With July 1 fast approaching, Lara Hansen looks at what is changing in aged care and the main implications this creates for advice.

Just when many advisers were starting to understand aged care, the rules are about to change. But isn’t that always the way with legislation.

Clients who move into aged care from July 1, 2014 will be subject to a new fee structure, which has a greater focus on “user pays” and at-home care options. For clients moving into residential care, this is likely to result in higher contributions towards the cost of their care and accommodation.

Some strategies we have been using will still work, but others will need to be repositioned or discontinued.

With the reality that around 68 per cent of women and 48 per cent of men over the age of 65 will need to access care services, aged care is an area that no adviser can afford to ignore. Your older clients will need advice and support to make the move. Your younger clients will need advice and support to help their parents make the move.

This article focuses on some of the important implications that may emerge from the changes.

What is the cost from July 1?

The cost of care will depend on where care is provided as well as the resident’s financial capacity. A major change is that facilities will no longer be classified as “low care” or “high care” – so all subsidised facilities will operate under a single fee structure.Aged care table

The new means testing

Clients moving into residential care will have a “means-tested amount” calculated. This is relevant to determine whether the client qualifies for accommodation subsidies from the government as well as to calculate additional means-tested care fees.

The means-tested amount includes an amount based on assessable assets and an amount based on assessable income. If the total calculated is less than the maximum accommodation subsidy (MAS) the client only needs to contribute towards accommodation and basic daily care fees (no means-tested fee). But if the total is higher than the MAS, higher care fees are payable.

Old v new

Under the old rules, clients could limit daily care fees by implementing strategies that reduced assessable income. Under the new rules these strategies can still provide benefits but may be less effective due to the inclusion of assessable assets.

Some important points to note:
■ When determining accommodation payments at entry, the full value of the home will count (unless a protected person still lives there), but only a capped value up to $153,907 (2012-13 rates) will count for determining daily care fees.
■ Any lump sums paid for entry (refundable accommodation deposits – RADs) will count as an assessable asset for daily care fees but are exempt when determining age pension eligibility. This limits the ability to negotiate higher accommodation payments to reduce care fees.
■ Assessable income continues to use Centrelink income test rules. This will include deeming on account-based pensions (if legislation is passed) for new pensions commenced after December 31, 2014 or for clients who did not receive a Centrelink/DVA means-tested payment at that date (and continuously remained eligible).
■ RADs will continue to be government-guaranteed and will be fully refundable – no monthly retention amount, although unpaid fees can be deducted.
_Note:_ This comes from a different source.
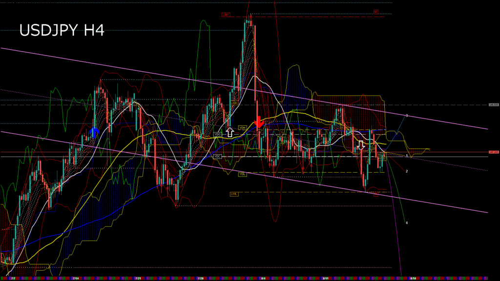 情報 USDJPY-H1移動平均線と現在値(RSI)-2025.8.18 12:00:03

Managing cash flow will be critical for clients. Selecting a facility with a higher RAD may reduce fees, but the client needs to be able to afford to pay the lump sum and still generate sufficient cash flow to pay ongoing fees.

Example

Need for financial advice

There is no doubt that the new rules are quite complex. They allow higher transparency with bond negotiations but potentially increase the user-pays component of care.

Advice will be key. Clients may have greater need to seek advice as they will have 28 days after moving into care to decide whether to pay the accommodation payment as a daily fee or a lump sum.

Decisions will also need to be made on:
■ whether to sell the house or not – selling the house may improve cash flow and simplify the management of the portfolio but it may also increase the fees payable;
■ how much benefit is provided by products that reduce assessable income; and
■ how to generate and manage cash flow.

Comparing the accommodation payments between facilities will be easier as facilities will be required to publish their rates as both a lump sum and daily fee. They will also need to adhere to the advertised rates, leaving less (if any) opportunity to negotiate higher bonds in exchange for discounts on daily care fees. But then it is not just about the fee – accessing the right level of care in the right location may be more important.

The impending changes mean now is the time to start thinking about the impacts and building your advice skills, in financial aspects as well as the provision of valuable emotional support and an objective and impartial voice to help create solutions and minimise family disputes.

This is a difficult time for clients and their families. They are looking for help to save time and provide peace of mind that they are making the right choice. And that is advice worth paying for.